12.2 Relationship of the Parties

The parties are independent contractors. This Agreement does not create a partnership, franchise, joint venture, agency, fiduciary, or employment relationship between the parties.

12.3 Force Majeure

Neither party shall be liable for delay or non-performance of its obligations hereunder (or part thereof) if the cause of delay or non-performance is due to a Force Majeure Event. The party affected shall be relieved from its obligations (or part thereof) for the time that the Force Majeure Event lasts and hinders the performance of said obligations (or part thereof). The party affected shall promptly notify the other party and make reasonable efforts to mitigate the effects of the Force Majeure Event.
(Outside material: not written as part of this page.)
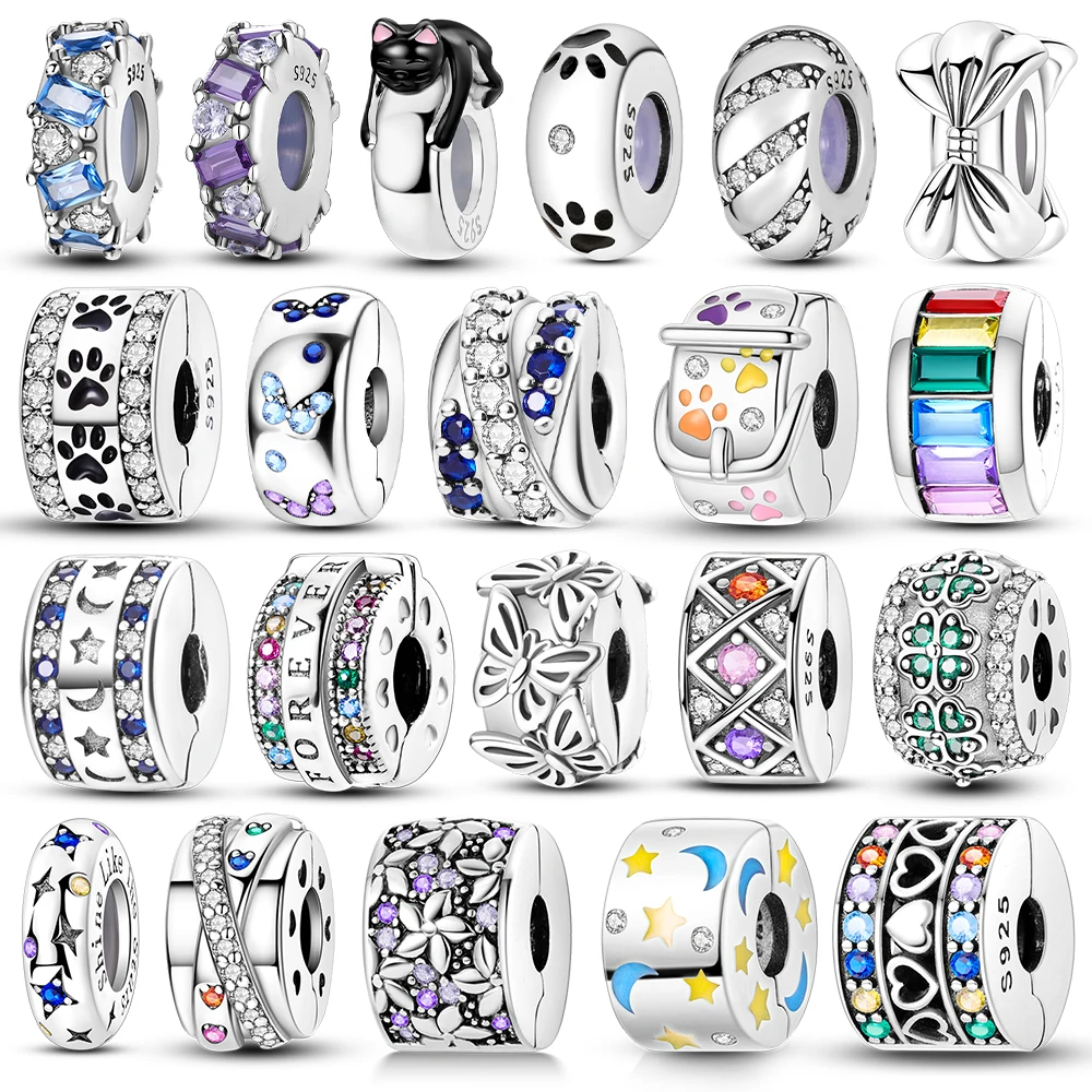 Ciondoli a clip Originali in argento 925 con tappo distanziatore in silicone, perline con chiusura, adatti per braccialetti, collane, creazione di gioielli, regalo da donna

12.4 Governing Law and Venue

This Agreement and any disputes arising out of or related hereto shall be governed by and construed in accordance with the laws of the State of California, without giving effect to its conflicts of laws rules, the United Nations Convention on the International Sale of Goods, or the Uniform Computer Information Transactions Act. Except if prohibited by applicable law, in relation to any legal action or proceedings to enforce this Agreement or arising out of or in connection with this Agreement, each party irrevocably submits to the exclusive venue and personal jurisdiction of the state courts located in Santa Clara County, California, and the federal courts located in the Northern District of California.

12.5 Notices

All notices required to be sent hereunder shall be in writing, addressed to receiving party’s current business contact, if known, with a cc:  to the Legal Department of the receiving party, and sent to the party’s address as listed in this Agreement, or as updated by either party by written notice.  Notices shall be effective upon receipt and shall be deemed to be received as follows:  (a) if personally delivered by courier, when delivered; or (b) if mailed by first class mail, or the local equivalent, on the fifth business day after posting with the proper address.

12.6 Severability

If any provision of this Agreement is held by a court of competent jurisdiction to be contrary to law, the provision shall be modified by the court and interpreted so as best to accomplish the objectives of the original provision to the fullest extent permitted by law, and the remaining provisions of this Agreement shall remain in full force and effect.

12.7 Waiver

No failure or delay by either party in exercising any right under this Agreement shall constitute a waiver of that right. Other than as expressly stated herein, the remedies provided herein are in addition to, and not exclusive of, any other remedies of a party at law or in equity.

12.8 Translations

If this Agreement is translated into languages other than English, only the English version will control.

12.9 Headings

The headings are for convenience only and do not affect the interpretation of this Agreement.

12.10 Counterparts

This Agreement may be executed by electronic signature and in counterparts, which together constitute one binding agreement.

12.11 Entire Agreement

This Agreement constitutes the entire agreement between the parties, and supersedes all prior and contemporaneous agreements, proposals or representations, written or oral, concerning its subject matter.  The parties are not relying and have not relied on any representations or warranties whatsoever regarding the subject matter of this Agreement, express or implied, except for the representations and warranties set forth in this Agreement. No terms or conditions set forth on any Customer purchase order, preprinted form, or other document shall add to or vary the terms and conditions of this Agreement, and all such terms or conditions shall be null and void.